DATA SUPPLIED:
· · · · · · ·

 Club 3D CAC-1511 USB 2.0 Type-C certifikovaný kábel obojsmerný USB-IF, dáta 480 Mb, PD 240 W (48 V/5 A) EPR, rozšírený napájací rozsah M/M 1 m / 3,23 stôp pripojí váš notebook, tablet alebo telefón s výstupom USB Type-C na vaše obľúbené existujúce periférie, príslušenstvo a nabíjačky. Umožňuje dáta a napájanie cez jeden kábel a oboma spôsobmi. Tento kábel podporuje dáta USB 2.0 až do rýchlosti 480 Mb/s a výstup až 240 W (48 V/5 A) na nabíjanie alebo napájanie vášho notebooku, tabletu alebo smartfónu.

· · · · · · ·

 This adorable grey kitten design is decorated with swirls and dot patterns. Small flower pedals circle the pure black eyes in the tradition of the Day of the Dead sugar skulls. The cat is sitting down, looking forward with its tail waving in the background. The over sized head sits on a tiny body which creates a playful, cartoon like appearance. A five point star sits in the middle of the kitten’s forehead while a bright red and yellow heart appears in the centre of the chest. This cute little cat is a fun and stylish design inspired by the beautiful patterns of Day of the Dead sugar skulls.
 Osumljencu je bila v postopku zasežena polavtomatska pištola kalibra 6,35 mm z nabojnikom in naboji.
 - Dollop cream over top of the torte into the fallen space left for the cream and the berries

· · · · · · ·

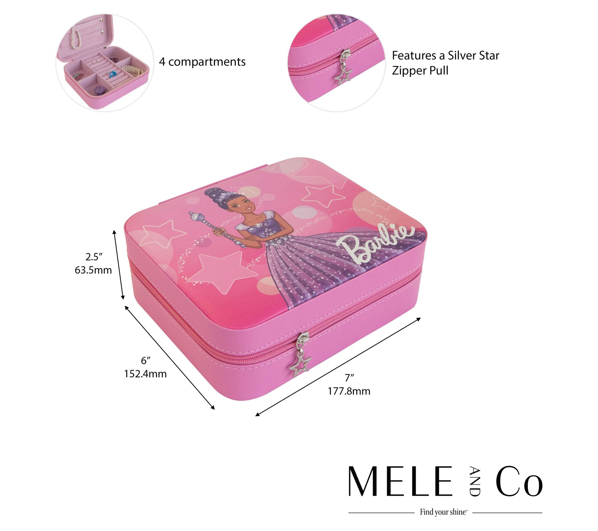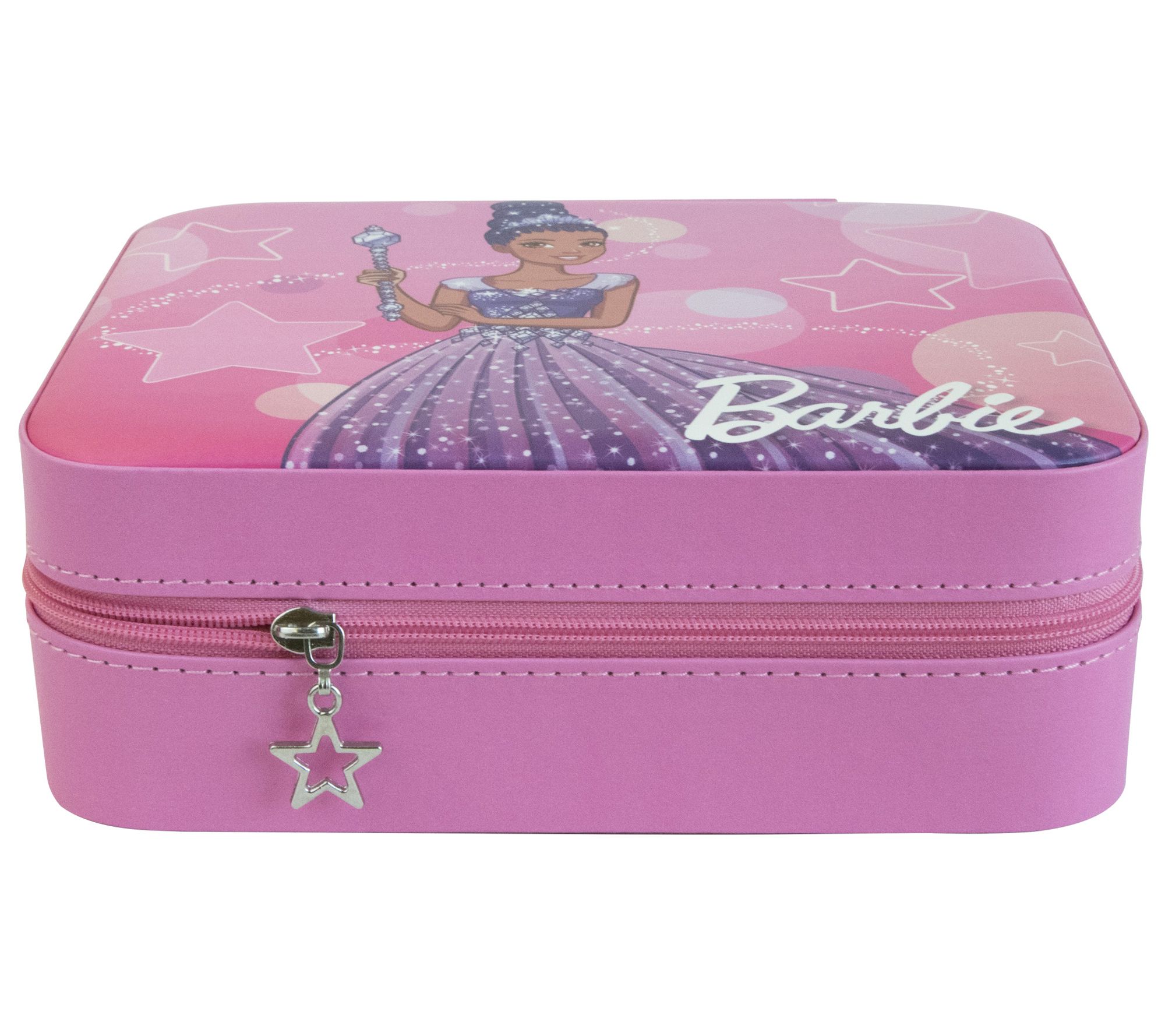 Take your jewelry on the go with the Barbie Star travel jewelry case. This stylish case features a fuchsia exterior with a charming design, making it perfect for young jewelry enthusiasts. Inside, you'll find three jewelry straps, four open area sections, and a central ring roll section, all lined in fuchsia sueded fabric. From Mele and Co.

· · · · · · ·

AIM OF THE TASK: Find the string "over" in the entries above and return each line that holds it.

RESULT:
 This adorable grey kitten design is decorated with swirls and dot patterns. Small flower pedals circle the pure black eyes in the tradition of the Day of the Dead sugar skulls. The cat is sitting down, looking forward with its tail waving in the background. The over sized head sits on a tiny body which creates a playful, cartoon like appearance. A five point star sits in the middle of the kitten’s forehead while a bright red and yellow heart appears in the centre of the chest. This cute little cat is a fun and stylish design inspired by the beautiful patterns of Day of the Dead sugar skulls.
 - Dollop cream over top of the torte into the fallen space left for the cream and the berries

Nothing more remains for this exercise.